On a failli ne pas le reconnaître. Pourtant c'était bien lui, touffe ébouriffée et barbe clairsemée, assis sur le banc dimanche soir tandis que ses coéquipiers lyonnais ferraillaient contre l'OM (0-0). Yoann Gourcuff effectuait là son énième grand retour dans le groupe de Rémi Garde cette saison, après un énième pépin physique. Trop juste, il est finalement resté assis, voyant son concurrent Clément Grenier entrer en jeu à sa place. Le meneur de jeu international parviendra-t-il à renouer le fil de son excellent début de saison avant la fin du Championnat ? À dix journées de cette échéance, rien n'est moins sûr.
Pour mémoire, dans la foulée de plusieurs sorties convaincantes de Gourcuff avec l'OL, le sélectionneur Didier Deschamps avait été jusqu'à l'appeler en équipe de France pour l'amical en Italie du 14 novembre dernier. Il a même pu jouer un petit quart d'heure. Depuis ? Un véritable trou noir, qui l'a vu manquer toute la fin d'année 2012 quand Malbranque puis Grenier s'accaparaient la lumière des projecteurs. Sa dernière blessure, une lésion musculaire aux adducteurs, date du 11 février. Elle a été la goutte d'eau qui a fait déborder le vase.
"Gourcuff est un souci"
Il faut en effet se souvenir qu'à l'été 2010, l'OL avait déboursé 22 millions d'euros (un record à l'époque) pour arracher le milieu offensif aux Girondins de Bordeaux. Le club rhodanien avait alors justifié ce montant en assurant que la belle gueule du joueur, conjuguée à son jeu gracieux, en faisait un argument marketing imparable, susceptible de générer d'importantes recettes de merchandising, tout en offrant à Lyon une nouvelle exposition médiatique. Une sorte de David Beckham à la française.

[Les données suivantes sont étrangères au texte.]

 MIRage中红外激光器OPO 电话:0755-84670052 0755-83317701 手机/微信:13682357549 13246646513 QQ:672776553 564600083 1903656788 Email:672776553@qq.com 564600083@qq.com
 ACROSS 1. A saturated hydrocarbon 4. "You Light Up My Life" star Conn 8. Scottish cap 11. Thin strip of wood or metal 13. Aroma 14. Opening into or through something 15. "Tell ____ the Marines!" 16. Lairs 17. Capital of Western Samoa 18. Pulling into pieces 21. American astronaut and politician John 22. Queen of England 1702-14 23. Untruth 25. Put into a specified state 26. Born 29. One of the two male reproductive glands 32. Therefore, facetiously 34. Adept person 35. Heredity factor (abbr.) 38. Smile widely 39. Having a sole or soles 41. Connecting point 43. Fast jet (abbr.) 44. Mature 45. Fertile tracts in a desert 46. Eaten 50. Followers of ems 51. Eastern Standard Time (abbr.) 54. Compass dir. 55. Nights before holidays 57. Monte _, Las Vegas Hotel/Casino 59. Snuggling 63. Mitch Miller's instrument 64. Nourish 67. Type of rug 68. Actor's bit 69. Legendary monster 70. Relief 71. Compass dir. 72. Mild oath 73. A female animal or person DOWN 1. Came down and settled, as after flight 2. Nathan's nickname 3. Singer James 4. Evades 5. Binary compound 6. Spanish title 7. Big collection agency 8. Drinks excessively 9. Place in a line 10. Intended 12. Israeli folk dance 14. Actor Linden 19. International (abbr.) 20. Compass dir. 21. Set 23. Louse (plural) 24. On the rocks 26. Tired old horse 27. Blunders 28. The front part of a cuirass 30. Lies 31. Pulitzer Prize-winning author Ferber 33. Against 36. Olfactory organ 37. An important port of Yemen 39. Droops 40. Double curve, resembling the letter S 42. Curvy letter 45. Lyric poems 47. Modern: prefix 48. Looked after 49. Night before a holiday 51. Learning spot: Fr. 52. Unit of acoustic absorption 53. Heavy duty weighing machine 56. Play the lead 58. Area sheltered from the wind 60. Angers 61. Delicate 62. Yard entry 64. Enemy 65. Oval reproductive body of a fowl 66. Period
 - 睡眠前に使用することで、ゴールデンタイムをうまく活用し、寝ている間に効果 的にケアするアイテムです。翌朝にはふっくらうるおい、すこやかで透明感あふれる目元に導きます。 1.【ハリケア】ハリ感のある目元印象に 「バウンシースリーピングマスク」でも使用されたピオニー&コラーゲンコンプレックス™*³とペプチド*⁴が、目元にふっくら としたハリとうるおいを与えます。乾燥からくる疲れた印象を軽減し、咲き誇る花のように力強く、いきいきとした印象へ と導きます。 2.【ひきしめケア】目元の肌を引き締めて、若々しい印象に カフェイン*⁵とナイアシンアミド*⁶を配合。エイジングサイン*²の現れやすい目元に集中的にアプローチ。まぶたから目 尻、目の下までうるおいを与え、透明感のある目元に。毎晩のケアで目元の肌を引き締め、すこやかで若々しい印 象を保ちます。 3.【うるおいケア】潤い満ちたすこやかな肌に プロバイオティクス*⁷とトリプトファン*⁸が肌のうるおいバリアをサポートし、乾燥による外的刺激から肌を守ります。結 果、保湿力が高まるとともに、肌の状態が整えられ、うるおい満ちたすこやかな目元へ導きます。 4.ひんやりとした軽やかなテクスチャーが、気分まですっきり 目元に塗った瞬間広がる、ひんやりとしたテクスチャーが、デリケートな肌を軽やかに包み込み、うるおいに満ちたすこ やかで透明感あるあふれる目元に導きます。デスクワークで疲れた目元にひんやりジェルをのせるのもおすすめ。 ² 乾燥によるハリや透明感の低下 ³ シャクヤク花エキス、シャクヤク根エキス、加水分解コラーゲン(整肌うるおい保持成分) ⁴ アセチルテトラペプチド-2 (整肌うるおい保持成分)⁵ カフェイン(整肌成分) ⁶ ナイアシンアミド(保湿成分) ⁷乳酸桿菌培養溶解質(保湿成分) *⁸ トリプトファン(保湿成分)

Deux ans plus tard, le président Aulas lançait un plan de rigueur pour assainir les comptes de son club. Et les langues se délient aujourd'hui peu a peu. "C'est un garçon qui a du talent et qui aime le foot, justifiait Rémi Garde lundi dernier sur RTL. Il a besoin de beaucoup de confiance autour de lui, d'avoir un environnement très favorable pour s'exprimer. A l'OL on essaye de faire le maximum. On ne peut pas dire qu'on y arrive superbement bien." Un mois auparavant, Bernard Lacombe, le conseiller du président, se faisait encore plus direct : "Gourcuff est un souci."

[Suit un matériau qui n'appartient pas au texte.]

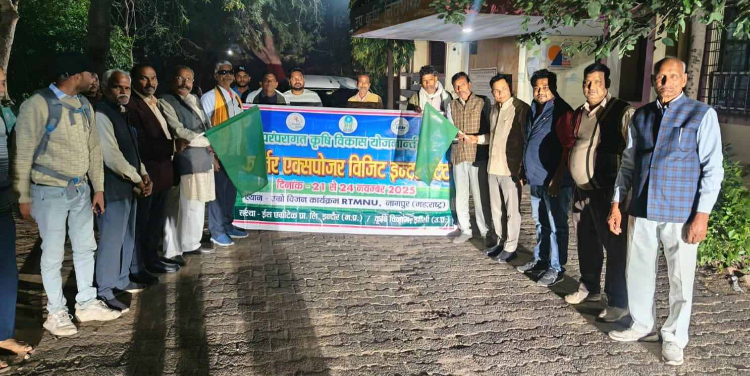 संयुक्त कृषि निदेशक श्री एल0 बी0 यादव ने 24 नवम्बर, 2025 तक राष्ट्रसन्त तुकडोजी महाराज नागपुर विश्वविद्यालय (RTMNU), नागपुर महाराष्ट्र आयोजित होने वाले एग्रो विजन कार्यक्रम में जनपद से जैविक/प्राकृतिक खेती के 10 अग्रणी कृषकों को कार्यक्रम में प्रतिभाग हेतु देर रात बस को झंडी दिखाकर रवाना किया।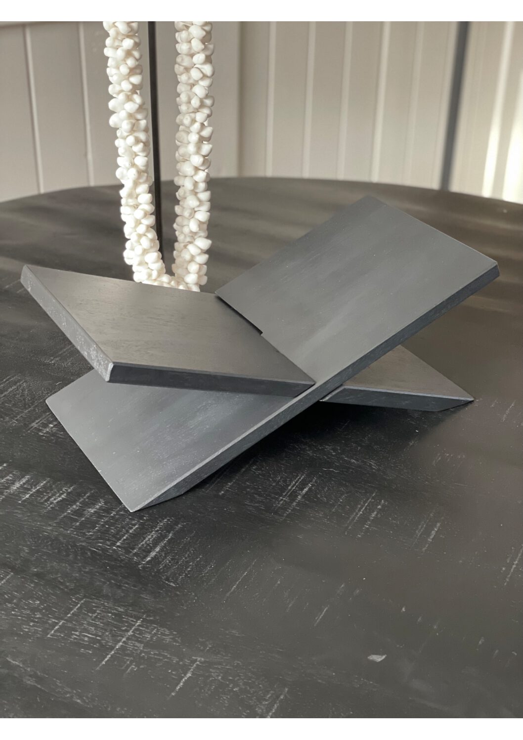 De boekenstandaard bestaat uit twee delen en is gemakkelijk in elkaar te zetten. Houd de delen vast met de viltjes naar beneden. Laat de inkepingen naar elkaar wijzen en schuif de delen voorzichtig in elkaar.

"On lui trouve toujours des excuses"
Le problème n'est évidemment pas que physique. Selon plusieurs voix concordantes, le meneur de jeu s'applique à rester toujours en marge du groupe, sans parler à personne, pas même à son entraîneur. Tant et si bien qu'il n'y a plus grand monde pour le défendre à l'OL, où ses airs mystérieux agacent plus qu'ils n'intriguent. Tout l'état-major lyonnais attend désormais avec impatience la première occasion de s'en débarrasser. "Je souhaiterais qu’il aille se forger à Arsenal, où il y a déjà une école française. Ou alors dans un grand club espagnol. Tout le monde le lui a dit" appuyait de son côté son grand ami, le préparateur physique Tiburce Darou.
Sauf que, quand l'Atletico Madrid, 3ème de Liga, et l'OL se mettaient d'accord sur un prêt avec option d'achat en janvier, le joueur refusait de partir. Parce qu'il fallait sacrifier une grosse partie des 6,8 millions d'euros annuels qu'il touche à Lyon ? Ou par peur de disparaître pour de bon de la circulation ? Toujours est-il que le joueur s'accroche à son club. "On lui trouve toujours des excuses. Arrive un moment où il faut qu'il prouve tous les jours, jugeait pour sa part l'ancien Lyonnais Grégory Coupet en mai 2012. Mais ça veut aussi dire s’investir dans la vie du club et du groupe... Maldini n'a allumé qu'un seul joueur dans sa vie, c’est Gourcuff. Cela veut dire quelque chose."